Luigi – The Bruised Assassin

Here’s my first ever short story for ‘Mondays Finish the Story’.
In this challenge, the first line of the story is given to us and we finish the rest. The inspiration comes from the picture provided.


The picture for the story by  – Barbara W. Beacham

Luigi – The Bruised Assassin

The family had no idea that little Luigi would grow up to be…a serial killer!  While the news about yet another killing embarrassed the family, they were equivocal in their disbelief.

One jeering aunt remembered how baby Luigi always played by himself, “One-by-one he would take all marbles out of the box, and put them back…”

That reminded Uncle Tom, how at a community fair, young Luigi won an award for eating twelve burgers in a row.

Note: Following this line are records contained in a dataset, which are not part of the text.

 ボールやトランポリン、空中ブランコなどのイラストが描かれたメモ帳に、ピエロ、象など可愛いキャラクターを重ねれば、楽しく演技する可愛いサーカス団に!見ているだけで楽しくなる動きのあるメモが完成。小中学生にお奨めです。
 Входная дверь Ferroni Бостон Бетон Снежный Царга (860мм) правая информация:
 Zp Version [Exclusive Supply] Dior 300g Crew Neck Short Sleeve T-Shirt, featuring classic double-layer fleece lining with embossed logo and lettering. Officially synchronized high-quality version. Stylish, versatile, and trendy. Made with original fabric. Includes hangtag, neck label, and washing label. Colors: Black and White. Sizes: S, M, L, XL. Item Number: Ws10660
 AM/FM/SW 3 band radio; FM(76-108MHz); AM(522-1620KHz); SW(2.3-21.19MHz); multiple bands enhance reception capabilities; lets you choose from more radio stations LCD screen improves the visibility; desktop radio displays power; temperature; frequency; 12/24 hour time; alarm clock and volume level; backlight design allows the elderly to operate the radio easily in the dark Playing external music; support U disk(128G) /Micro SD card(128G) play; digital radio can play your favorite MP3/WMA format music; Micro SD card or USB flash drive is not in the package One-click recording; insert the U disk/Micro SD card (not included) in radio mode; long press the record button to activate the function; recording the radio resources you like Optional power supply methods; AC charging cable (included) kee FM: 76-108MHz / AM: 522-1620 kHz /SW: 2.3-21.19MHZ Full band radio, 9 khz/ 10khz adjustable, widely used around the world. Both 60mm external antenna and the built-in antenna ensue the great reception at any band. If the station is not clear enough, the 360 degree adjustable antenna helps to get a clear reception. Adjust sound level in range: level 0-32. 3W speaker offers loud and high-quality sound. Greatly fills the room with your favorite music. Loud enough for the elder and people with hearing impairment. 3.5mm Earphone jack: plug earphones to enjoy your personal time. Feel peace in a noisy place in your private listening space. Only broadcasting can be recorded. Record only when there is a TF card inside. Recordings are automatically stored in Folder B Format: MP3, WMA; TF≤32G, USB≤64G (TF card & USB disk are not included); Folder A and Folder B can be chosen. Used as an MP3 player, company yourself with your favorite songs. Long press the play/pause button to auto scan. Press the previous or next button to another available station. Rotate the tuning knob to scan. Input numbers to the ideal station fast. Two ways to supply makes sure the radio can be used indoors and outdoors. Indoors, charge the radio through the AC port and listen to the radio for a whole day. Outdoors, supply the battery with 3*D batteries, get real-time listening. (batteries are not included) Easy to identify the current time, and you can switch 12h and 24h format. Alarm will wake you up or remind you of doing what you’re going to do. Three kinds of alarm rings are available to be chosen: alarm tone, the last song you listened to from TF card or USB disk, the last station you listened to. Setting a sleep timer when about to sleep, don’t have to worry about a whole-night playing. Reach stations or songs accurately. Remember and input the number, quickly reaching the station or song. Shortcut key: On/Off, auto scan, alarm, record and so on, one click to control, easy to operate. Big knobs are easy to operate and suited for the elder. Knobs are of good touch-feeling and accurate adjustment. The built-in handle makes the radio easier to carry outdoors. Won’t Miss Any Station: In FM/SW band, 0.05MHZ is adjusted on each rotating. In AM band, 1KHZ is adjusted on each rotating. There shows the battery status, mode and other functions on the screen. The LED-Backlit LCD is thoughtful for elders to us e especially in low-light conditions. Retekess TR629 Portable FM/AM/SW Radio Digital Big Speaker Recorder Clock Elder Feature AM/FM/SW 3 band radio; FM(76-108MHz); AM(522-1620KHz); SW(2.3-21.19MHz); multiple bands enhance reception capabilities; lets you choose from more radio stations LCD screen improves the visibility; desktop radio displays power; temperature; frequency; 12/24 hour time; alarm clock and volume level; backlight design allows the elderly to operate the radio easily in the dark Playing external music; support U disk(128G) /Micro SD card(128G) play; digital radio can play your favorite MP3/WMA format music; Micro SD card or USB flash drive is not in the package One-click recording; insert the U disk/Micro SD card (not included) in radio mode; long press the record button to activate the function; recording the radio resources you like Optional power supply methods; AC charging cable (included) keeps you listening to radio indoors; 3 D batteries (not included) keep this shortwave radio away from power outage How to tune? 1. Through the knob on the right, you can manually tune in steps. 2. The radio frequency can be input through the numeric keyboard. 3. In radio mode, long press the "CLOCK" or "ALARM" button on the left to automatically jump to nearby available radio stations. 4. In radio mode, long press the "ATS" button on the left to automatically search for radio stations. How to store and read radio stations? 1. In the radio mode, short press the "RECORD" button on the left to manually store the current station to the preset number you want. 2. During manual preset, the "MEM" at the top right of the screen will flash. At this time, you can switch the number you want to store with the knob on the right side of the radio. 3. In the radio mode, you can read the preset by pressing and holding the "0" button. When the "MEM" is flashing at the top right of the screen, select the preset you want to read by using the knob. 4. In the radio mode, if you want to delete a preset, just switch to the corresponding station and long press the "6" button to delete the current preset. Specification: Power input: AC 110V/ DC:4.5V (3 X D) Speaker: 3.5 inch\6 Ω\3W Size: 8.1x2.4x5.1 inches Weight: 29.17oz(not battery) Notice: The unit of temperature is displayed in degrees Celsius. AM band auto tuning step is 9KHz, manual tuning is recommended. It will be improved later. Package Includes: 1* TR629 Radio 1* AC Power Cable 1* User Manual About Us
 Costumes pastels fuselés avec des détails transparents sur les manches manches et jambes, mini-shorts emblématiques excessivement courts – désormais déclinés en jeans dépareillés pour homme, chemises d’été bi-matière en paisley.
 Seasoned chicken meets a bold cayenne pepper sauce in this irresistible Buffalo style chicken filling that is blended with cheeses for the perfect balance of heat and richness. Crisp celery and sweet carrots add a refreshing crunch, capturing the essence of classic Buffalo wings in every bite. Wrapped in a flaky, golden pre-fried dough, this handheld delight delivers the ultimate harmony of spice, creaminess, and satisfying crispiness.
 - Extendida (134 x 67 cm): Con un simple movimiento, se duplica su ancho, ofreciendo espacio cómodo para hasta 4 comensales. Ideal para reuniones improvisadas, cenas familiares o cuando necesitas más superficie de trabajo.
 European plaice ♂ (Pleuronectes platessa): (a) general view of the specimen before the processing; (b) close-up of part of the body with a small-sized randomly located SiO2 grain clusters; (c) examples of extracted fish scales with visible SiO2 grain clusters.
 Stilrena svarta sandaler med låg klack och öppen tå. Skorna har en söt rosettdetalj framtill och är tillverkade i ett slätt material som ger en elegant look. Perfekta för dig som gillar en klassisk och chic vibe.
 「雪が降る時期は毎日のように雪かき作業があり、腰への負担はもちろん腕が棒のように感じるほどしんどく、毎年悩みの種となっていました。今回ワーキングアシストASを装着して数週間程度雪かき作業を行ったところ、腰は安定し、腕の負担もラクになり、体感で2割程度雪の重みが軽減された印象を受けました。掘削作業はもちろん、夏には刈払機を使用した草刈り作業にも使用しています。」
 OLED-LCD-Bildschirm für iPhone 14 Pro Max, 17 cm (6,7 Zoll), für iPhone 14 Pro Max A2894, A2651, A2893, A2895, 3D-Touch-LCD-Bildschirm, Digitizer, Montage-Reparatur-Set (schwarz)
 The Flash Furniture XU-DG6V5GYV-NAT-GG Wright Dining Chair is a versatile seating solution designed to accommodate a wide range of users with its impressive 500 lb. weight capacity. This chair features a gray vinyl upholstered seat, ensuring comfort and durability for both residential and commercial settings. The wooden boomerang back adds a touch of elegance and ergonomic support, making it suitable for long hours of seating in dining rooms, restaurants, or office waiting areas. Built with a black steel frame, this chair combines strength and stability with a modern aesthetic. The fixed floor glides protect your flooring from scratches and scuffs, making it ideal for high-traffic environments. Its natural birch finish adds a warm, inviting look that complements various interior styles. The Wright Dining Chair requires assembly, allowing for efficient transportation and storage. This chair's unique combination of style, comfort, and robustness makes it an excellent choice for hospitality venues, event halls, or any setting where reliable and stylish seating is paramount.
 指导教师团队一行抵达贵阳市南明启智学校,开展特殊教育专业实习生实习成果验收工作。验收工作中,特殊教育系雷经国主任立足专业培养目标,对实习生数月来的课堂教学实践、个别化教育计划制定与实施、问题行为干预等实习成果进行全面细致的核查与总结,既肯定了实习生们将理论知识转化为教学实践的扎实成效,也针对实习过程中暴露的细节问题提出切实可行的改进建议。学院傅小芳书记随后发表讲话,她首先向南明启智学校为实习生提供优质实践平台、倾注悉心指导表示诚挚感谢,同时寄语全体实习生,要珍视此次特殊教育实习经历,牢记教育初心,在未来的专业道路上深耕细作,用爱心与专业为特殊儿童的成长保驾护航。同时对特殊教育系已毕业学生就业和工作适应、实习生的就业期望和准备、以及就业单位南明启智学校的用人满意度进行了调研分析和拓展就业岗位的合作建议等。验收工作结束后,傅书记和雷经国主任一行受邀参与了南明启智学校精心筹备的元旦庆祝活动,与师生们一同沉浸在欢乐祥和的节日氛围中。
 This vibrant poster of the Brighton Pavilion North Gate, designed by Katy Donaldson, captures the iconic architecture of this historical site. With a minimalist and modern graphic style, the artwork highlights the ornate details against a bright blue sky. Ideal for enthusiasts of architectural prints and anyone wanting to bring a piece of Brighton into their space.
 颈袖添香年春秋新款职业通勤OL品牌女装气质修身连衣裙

Aunt Alda retorted “But don’t forget he was almost a fanatic! How he broke one glass after the other, just because we laughed at him after his burger binge”

Luigi’s mother was hurt by such talks. She knew her son had intensity about him. But she could rely on him for any repetitive task, though not on her other kids.

“My hardworking sensitive child! Only if his huge family had helped him with anger management”, she defended her son regretfully.

It so happened that when Luigi was ditched by his very close university friend, the tiff ended up violent. One accidental murder then led to many others, till Luigi became a runaway.


Did I take little Luigi to a dangerous territory? He could very well have grown up to be a teacher, doctor, fire-fighter or a saint.
I wrote another story where Luigi is a fashion model. You can read it here: Luigi – The Alto Achiever

Thanks for reading! Do visit the Home Page of this site

Written by Alka Girdhar. Copyright © 2015 ~ All rights reserved

22 thoughts on “Luigi – The Bruised Assassin

    • Thanks! It requires strength and resilience to face adversity. Some have it naturally, while others develop character in right home environment, which includes identifying and getting rid of any bad traits. A single bad trait can play against us in our bad times.

      Some get right guidance, in case something really goes wrong.


    • Very true. Mothers often cover up for their children’s flaws. But sometimes only mothers can see some positivity in their child’s negative trait that others make fun of. Every quality can be geared to be productive.
      Thanks for your insight 🙂

      Liked by 1 person

  1. A dark tale indeed! Nicely done! I am happy that you found the MFtS challenge! I hope that you stick with it and that I can read another story next week. Now I am on to your next submission for this week’s challenge… Be well…. ^..^


    • It’s a grim tale, even with its hidden message. Participating in MFtS challenge was fun as well as inspirational towards good writing. Story writing is new to me, but definitely I would love to come up with more stories whenever possible.
      Thanks for your encouragement 🙂


  2. Great story Alka! I think the sentence that was most telling to me was, the sentence about the huge family not helping him with anger managment. Although it isn’t the family’s fault, he could have been given better guidance.

    Liked by 1 person

    • Thanks Joy! Any appreciation coming for a great story-teller like you means a lot.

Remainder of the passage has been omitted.